Sedangkan kalau anak usaha BUMN mengalami kerugian, lanjut dia, itu tidak dapat dikategorikan kerugian keuangan negara. Pasalnya, sumber uangnya bukan kas negara.

Jikapun aparat penegak hukum menyatakan merugikan keuangan negara, maka harus dapat membuktikannya dari laba rugi yang tercatat di BUMN karena kerugian keuangan negara itu harus nyata dan pasti.

Menurutnya, hal itu sesuai dengan ketentuan Pasal 1 angka 22 Undang-Undang Nomor 1 Tahun 2004 tentang Pembendaharaan Negara, yakni kerugian negara adalah kekurangan uang, surat berharga, dan barang yang nyata dan pasti jumlahnya sebagai akibat perbuatan melawan hukum, baik hukum pidana, hukum administrasi dan hukum perdata dan atau kelalaian.

Dengan demikian, kata dia, tidak bisa setiap kerugian negara itu pasti menjadi perbuatan hukum pidana. Atas penjelasan itu, Zecky memintanya untuk mempertajam maksud nyata dan pasti dalam kerugian negara.

Dian menjelaskan, nyata artinya terjadi kekurangan uang, surat berharga, dan barang yang dibuktikan melalui laporan keuangan atau hasil penelusuran kas atau neraca laba rugi atau standar bukti otentik lainnya yang dapat dipertanggungjawabkan.

Sedangkan pasti, yakni jumlahnya harus jelas dan dapat dihitung. Artinya, jumlah itu bukan suatu dugaan, indikasi, potensi bahkan imajinasi. “Harus benar-benar dapat dihitung berdasarkan nilai buku,” ujarnya.

Jika terjadi kekurangan akibat salah wewenang, prosedur, dan pelaksanaan, itu merupakan kerugian keuangan negara dalam bentuk administari.
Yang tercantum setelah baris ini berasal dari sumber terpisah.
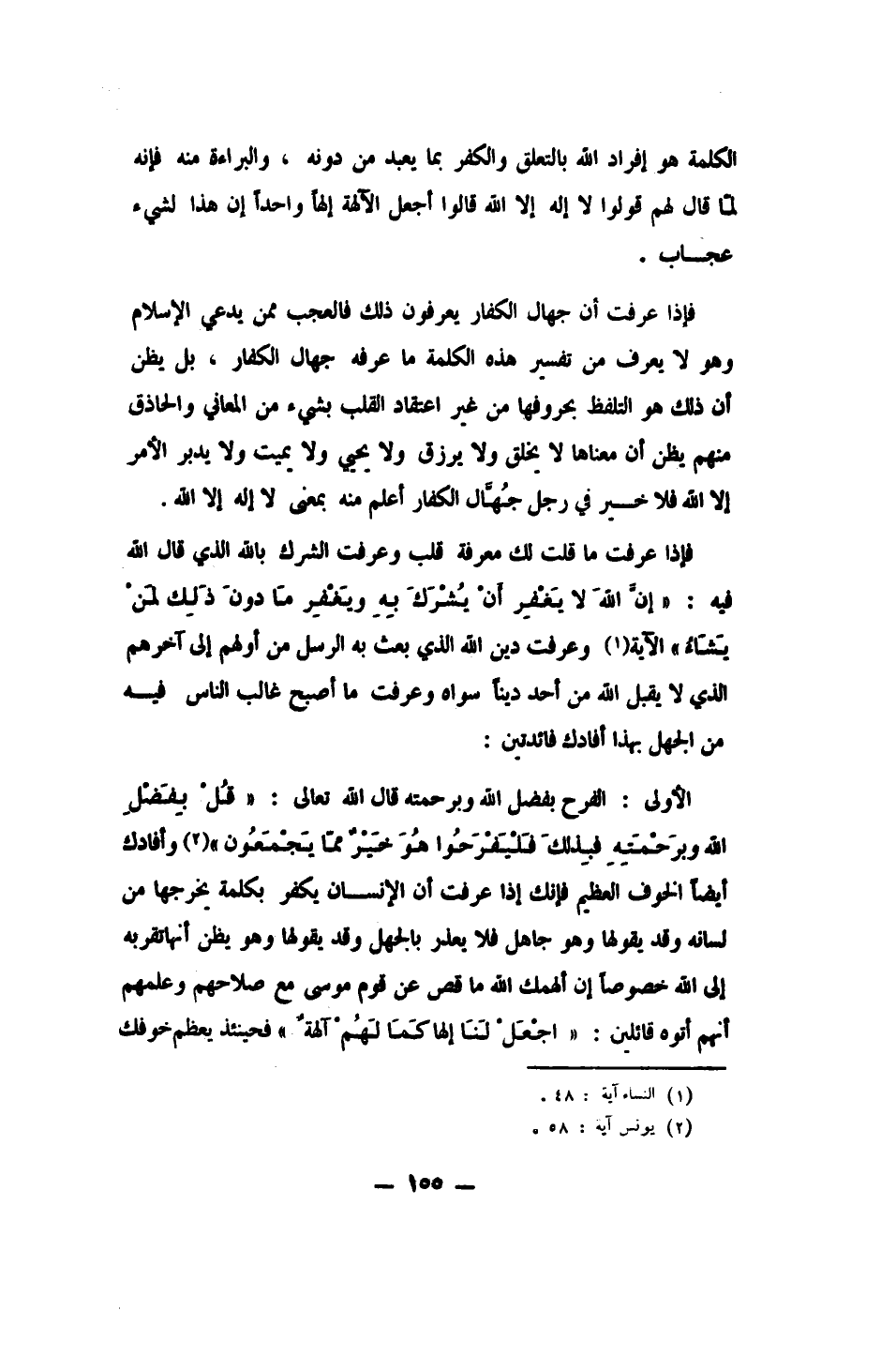 فإذا عرفت ما قلت لك معرفة قلب، وعرفت الشرك بالله الذي قال الله فيه: {إِنَّ اللَّهَ لا يَغْفِرُ أَنْ يُشْرَكَ بِهِ وَيَغْفِرُ مَا دُونَ ذَلِكَ لِمَنْ يَشَاءُ} 1 الآية، وعرفت دين الله الذي بعث به الرسل من أولهم إلى آخرهم، الذي لا يقبل الله من أحد ديناً سواه، وعرفت ما أصبح غالب الناس فيه من الجهل بهذا، أفادك فائدتين:
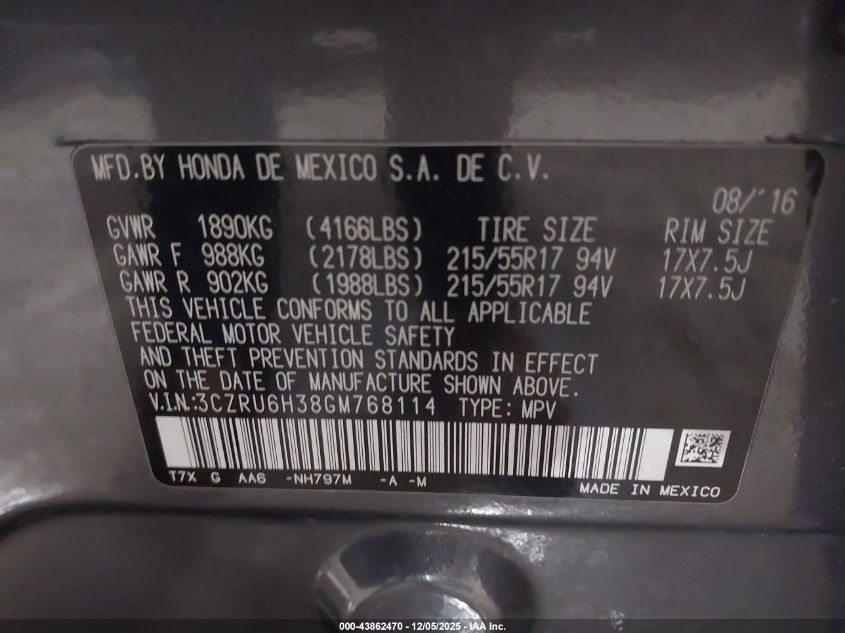2016 HONDA HR-V 2016 року Бензин, 1.8, Полный привод, vin - 3CZRU6H38GM768114 из США

Ini dapat dilakukan pengembalian dalam waktu 10 hari.

Menurutnya, dalam keuangan negara ada tuntutan kerugian negara, sedangkan di perusahaan terdapat standar operasional prosedur (SOP) tersendiri untuk pengembaliannya.

Sedangkan Chairul Huda, kata Zecky, pada intinya menyampaikan bahwa aparat hukum harus dapat membuktikan delik perbuatan melawan hukum yang mengakibatkan kerugian negara yang didakwakan.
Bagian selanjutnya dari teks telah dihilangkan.